- ASSIGNED TASK -
The needed output is the run of lines below from the one containing "The Pigeon Especial" through the one containing "Step6:「スタートアップ設定」の「再起動」をクリックします。", copied exactly and free of pictures.

---------- INFORMATION SUPPLIED ----------

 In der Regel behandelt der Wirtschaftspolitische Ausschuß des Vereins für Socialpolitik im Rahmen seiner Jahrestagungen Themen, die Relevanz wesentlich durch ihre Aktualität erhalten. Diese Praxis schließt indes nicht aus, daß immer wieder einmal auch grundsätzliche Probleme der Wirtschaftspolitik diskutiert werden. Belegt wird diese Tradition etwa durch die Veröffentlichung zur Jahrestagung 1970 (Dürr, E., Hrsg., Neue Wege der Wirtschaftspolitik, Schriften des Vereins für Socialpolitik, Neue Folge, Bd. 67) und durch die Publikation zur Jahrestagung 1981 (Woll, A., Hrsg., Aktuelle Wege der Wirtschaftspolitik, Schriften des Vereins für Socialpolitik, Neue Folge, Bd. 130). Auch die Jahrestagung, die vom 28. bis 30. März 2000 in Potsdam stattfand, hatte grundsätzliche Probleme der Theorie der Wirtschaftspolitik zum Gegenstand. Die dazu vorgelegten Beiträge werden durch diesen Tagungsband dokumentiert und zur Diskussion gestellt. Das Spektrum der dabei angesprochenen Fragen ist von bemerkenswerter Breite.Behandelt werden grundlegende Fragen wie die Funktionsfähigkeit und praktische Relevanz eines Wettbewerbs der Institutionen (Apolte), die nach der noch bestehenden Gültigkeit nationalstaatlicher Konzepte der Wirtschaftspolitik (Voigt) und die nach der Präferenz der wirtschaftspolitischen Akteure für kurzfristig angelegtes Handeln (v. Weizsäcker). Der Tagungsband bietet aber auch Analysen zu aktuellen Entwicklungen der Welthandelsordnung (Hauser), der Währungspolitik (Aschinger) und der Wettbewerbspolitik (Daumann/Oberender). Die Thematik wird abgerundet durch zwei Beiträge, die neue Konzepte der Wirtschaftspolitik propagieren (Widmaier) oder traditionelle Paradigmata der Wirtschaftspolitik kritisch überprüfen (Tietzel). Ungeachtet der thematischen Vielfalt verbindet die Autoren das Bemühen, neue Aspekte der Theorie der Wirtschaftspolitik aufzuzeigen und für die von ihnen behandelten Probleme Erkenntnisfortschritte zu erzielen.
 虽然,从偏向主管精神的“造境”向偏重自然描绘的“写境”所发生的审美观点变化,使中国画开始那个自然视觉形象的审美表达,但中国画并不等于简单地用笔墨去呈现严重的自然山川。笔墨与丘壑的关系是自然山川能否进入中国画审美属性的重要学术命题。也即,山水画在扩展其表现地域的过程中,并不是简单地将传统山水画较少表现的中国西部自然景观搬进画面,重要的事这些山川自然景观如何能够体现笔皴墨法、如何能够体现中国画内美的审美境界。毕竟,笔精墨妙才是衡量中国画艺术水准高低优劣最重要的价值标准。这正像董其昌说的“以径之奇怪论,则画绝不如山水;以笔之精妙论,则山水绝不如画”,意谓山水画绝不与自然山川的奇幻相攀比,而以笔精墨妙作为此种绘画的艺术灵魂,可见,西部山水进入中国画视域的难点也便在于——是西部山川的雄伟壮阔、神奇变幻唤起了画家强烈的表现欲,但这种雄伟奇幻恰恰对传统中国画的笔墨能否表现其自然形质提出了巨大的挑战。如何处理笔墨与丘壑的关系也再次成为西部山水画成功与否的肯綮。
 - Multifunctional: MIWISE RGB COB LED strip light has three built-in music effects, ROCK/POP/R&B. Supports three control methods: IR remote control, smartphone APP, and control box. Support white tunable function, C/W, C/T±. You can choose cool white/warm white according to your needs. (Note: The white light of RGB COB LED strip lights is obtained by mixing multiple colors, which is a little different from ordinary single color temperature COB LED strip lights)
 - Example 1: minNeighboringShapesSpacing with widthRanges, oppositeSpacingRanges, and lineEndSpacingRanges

----------
---------- INFORMATION SUPPLIED ----------

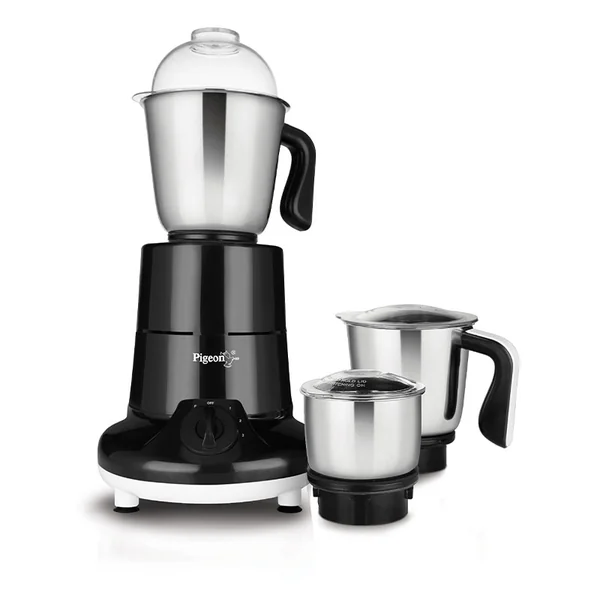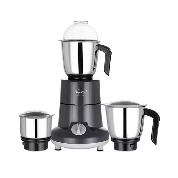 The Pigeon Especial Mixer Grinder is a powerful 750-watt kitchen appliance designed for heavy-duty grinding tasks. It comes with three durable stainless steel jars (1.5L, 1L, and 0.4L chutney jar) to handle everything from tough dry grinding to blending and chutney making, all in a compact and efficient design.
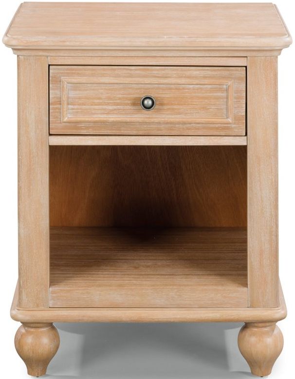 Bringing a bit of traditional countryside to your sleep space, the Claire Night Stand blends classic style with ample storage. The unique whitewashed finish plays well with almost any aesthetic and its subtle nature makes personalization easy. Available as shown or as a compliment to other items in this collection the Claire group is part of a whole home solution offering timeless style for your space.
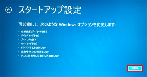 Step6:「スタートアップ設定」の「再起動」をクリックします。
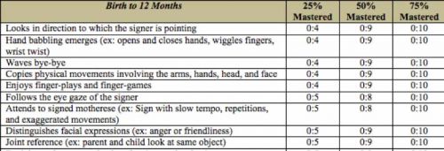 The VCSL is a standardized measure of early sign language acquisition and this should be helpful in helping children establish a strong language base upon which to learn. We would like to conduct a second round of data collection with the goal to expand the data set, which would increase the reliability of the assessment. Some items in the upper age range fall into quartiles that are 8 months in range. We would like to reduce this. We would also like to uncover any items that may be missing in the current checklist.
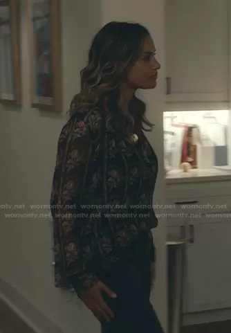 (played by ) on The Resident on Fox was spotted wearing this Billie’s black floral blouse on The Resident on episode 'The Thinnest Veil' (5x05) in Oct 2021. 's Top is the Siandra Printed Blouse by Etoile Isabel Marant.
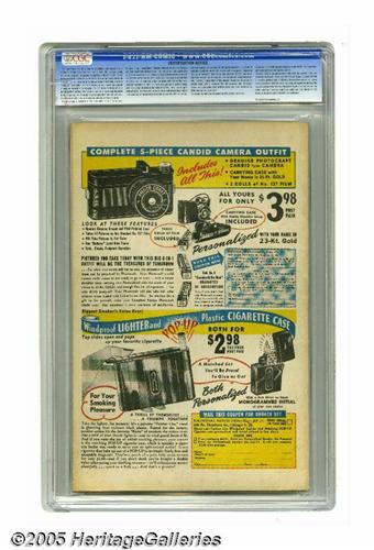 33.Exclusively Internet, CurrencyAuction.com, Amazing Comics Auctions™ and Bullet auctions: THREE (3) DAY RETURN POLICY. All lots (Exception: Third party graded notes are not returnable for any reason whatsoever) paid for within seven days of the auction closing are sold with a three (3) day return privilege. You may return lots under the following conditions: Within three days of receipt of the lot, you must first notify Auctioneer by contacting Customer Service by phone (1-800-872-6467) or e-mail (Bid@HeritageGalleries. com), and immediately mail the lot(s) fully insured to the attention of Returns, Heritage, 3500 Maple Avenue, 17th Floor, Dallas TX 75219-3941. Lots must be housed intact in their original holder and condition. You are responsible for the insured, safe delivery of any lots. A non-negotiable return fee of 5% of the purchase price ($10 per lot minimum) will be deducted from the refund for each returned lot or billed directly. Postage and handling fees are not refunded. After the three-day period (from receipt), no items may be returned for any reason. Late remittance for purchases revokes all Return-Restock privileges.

----------

- YOUR RESPONSE -
 The Pigeon Especial Mixer Grinder is a powerful 750-watt kitchen appliance designed for heavy-duty grinding tasks. It comes with three durable stainless steel jars (1.5L, 1L, and 0.4L chutney jar) to handle everything from tough dry grinding to blending and chutney making, all in a compact and efficient design.
 Bringing a bit of traditional countryside to your sleep space, the Claire Night Stand blends classic style with ample storage. The unique whitewashed finish plays well with almost any aesthetic and its subtle nature makes personalization easy. Available as shown or as a compliment to other items in this collection the Claire group is part of a whole home solution offering timeless style for your space.
 Step6:「スタートアップ設定」の「再起動」をクリックします。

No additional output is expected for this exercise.